In this issue of Thorax, Hosgood et al 6 present an interesting study of the association between the oral microbiome and lung cancer in prediagnostic samples collected from a nested case-control study in two large cohorts of lifelong non-smokers from Shanghai, China, enrolled between 1996 and 2006. Metagenomic shotgun sequencing measured the community structure and abundance of the oral microbiome in prediagnostic oral rinse samples of each case and control, and analyses focused on lung cancer risk with α-diversity metrics and relative abundance of taxa. The Microbiome Regression-Based Kernel Association Test evaluated the association between risk and microbiome β-diversity. Multivariate analyses were adjusted for matching factors and adjustments made for multiple comparisons. The authors analysed data excluding participants who used antibiotics in the week before saliva collection, further strengthening their observations. They found that lower α-diversity was associated with greater risk of lung cancer. Moreover, certain specific taxa abundance was associated with altered risk: increased relative abundance within the Bacteroidetes and Spirochaetes phyla was associated with reduced risk of lung cancer, whereas increased abundance within the Firmicutes phyla was associated with increased risk of lung cancer.

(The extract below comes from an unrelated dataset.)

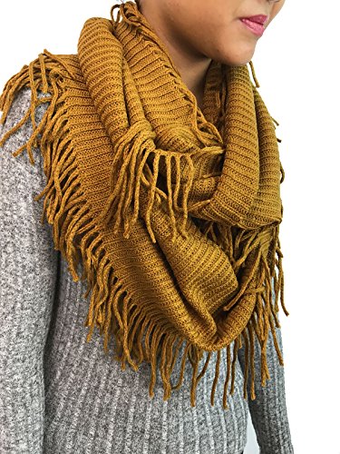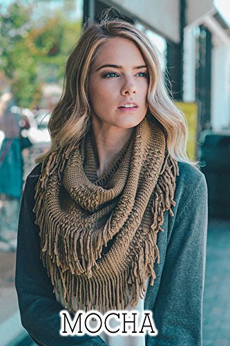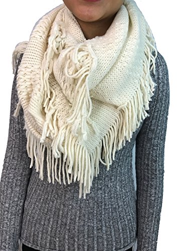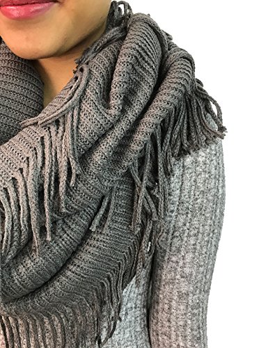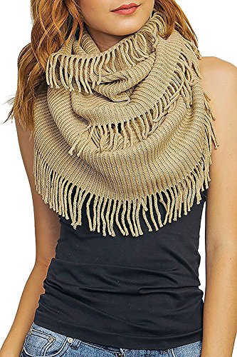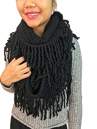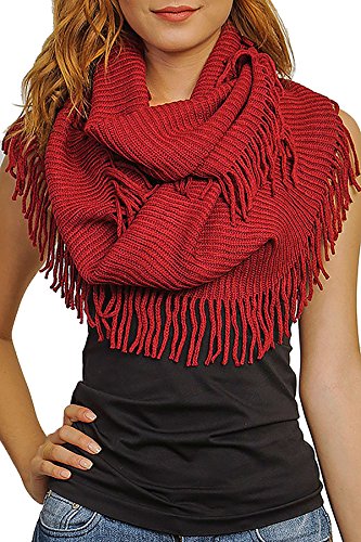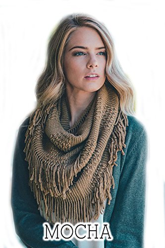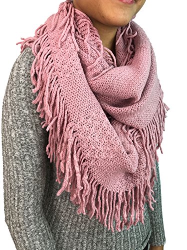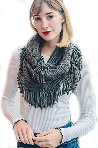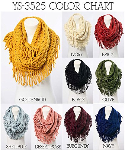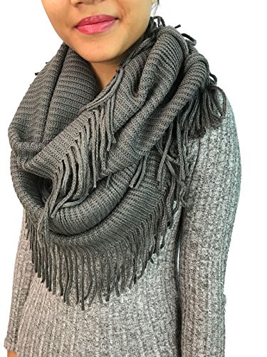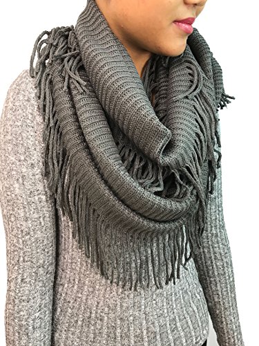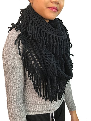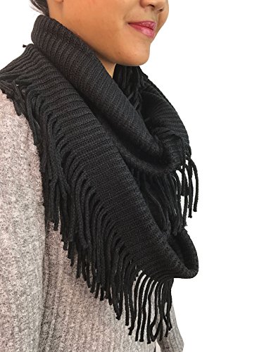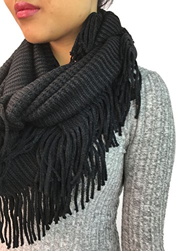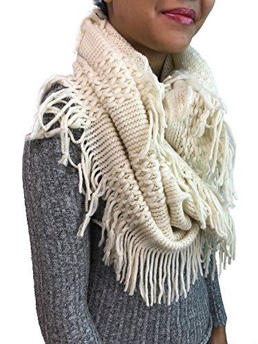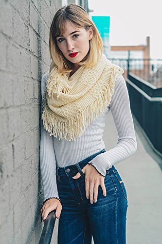 | Women's Winter Knit Ribbed Fringe Pointelle Lattice Tassel Infinity Scarf Cowl Wrap |

The study does have some limitations that should be considered in interpreting the results and conclusions. The final reported analysis is not matched, that the participant numbers are relatively small, especially for men. Also, there are no data on the association of the oral microbiome measurements with markers of immune status of the participants (eg, serum or oral cytokines, cell markers, etc).

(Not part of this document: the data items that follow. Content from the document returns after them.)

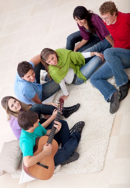 Group of friends playing music and singing
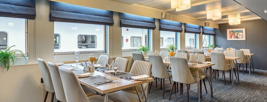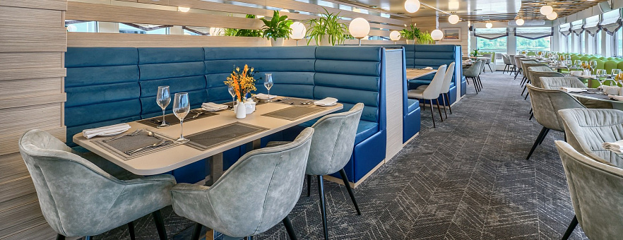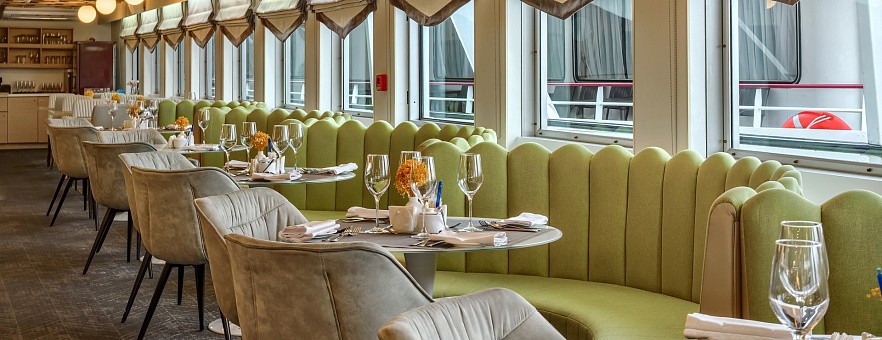 При разработке меню для ресторанов на борту наши шеф-повара вдохновлялись кулинарными традициями побережья Чёрного моря, Волги, Дона, озёрного края Северо-Запада России. Мы используем свежие локальные продукты, характерные для этих регионов, и предлагаем нашим гостям попробовать блюда, которые отражают гастрономические особенности народов нашей страны. Благодаря концепции «Родные берега», вы получите более полное представление о том месте, в котором находитесь, откроете новую палитру вкусовых ощущений и обретёте дружную компанию единомышленников.
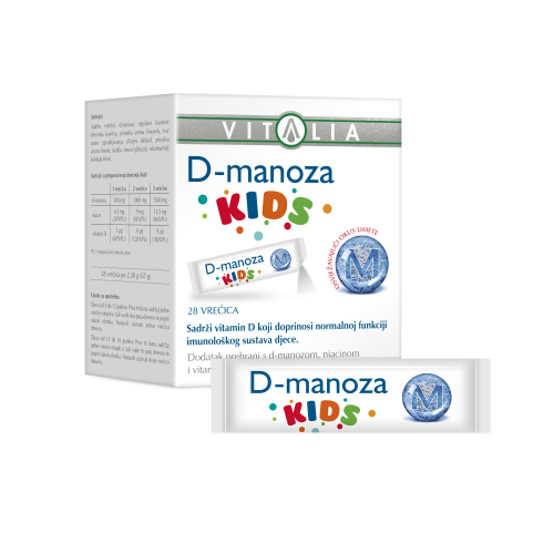 Vitalia D-manoza kids sadrži optimalnu dnevnu dozu d-manoze prilagođenu djeci.
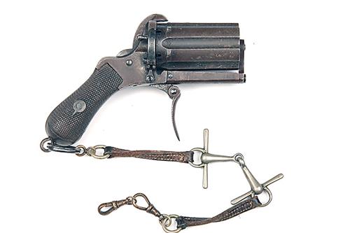 A 7mm PINFIRE 'PEPPERBOX' REVOLVER, UNSIGNED, no visible serial number, circa 1860, with fluted Birmingham proved 1 7/8in. barrel group with external locking, open iron frame, iron spurless hammer, chequered walnut bag-shaped butt with lanyard ring at heel and folding iron trigger, strong traces of finish where appropriate and fitted to a period leather and white-metal fob-chain
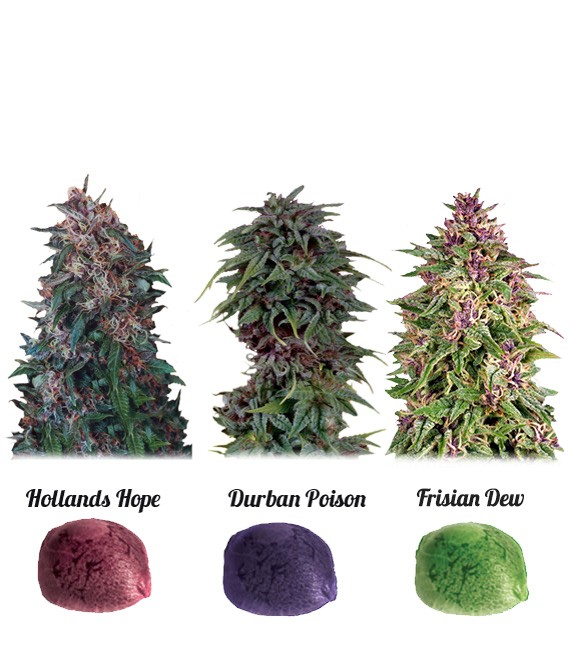 Феминизированные семена конопли Colour Mix 2 содержат микс из трех сортов идеальных для аута. Holland Hope, Durban Poison и Frisian Dew. Их объединяет короткий период цветения 53-60 дней и богатый урожай. По желанию их можно выращивать в индоре, но именно на открытом грунте они покажут высший класс.

Notwithstanding these limitations, in light of careful adjustments for covariates collected in these populations, and the fact that these findings replicate those of smaller studies done earlier in another part of China in non-smokers suggest that the results are robust and the observed loss of α-diversity, combined with specific taxa abundance may well play a mechanistic role in the genesis of lung cancer in non-smokers. There are a number of questions that are provoked by this study. First, how stable is the human oral microbiome over time? Second, if the human oral microbiome varies over time, what determines that variability? Third, how does the ambient environment such as exposure to air pollutants, affect the oral (and lung) microbiome? A recent study by Wu et al 7 described the environmental microbiome in metalworking fluid and human microbiome in lung to answer questions of pathogenesis in an occupational lung disease characterised by bronchiolitis, alveolar ductitis and emphysema with B cell primary lymphoid follicles (BADE) among patients exposed to metalworking fluids. They provide the first evidence in humans that the microbiome of one’s environment can seed and shape the lung microbiome. Finally, in terms of questions being provoked by the study, it remains unclear whether the oral microbiome as measured in this (and other) epidemiological study represents a causative agent or only a marker of disease or immune activity. If it is the former, then it will be important to understand whether the oral microbiome actually seeds the lung microbiome and thus acts locally.

It will be interesting to see more studies of the oral, nasal and lower respiratory tracts in relation to environmental exposures and various lung disorders. The oral cavity and nasopharynx are the foyers to the lung and further understanding of the functional aspects of the microbiome in these compartments will surely help shed light on disease pathogenesis and disease modification.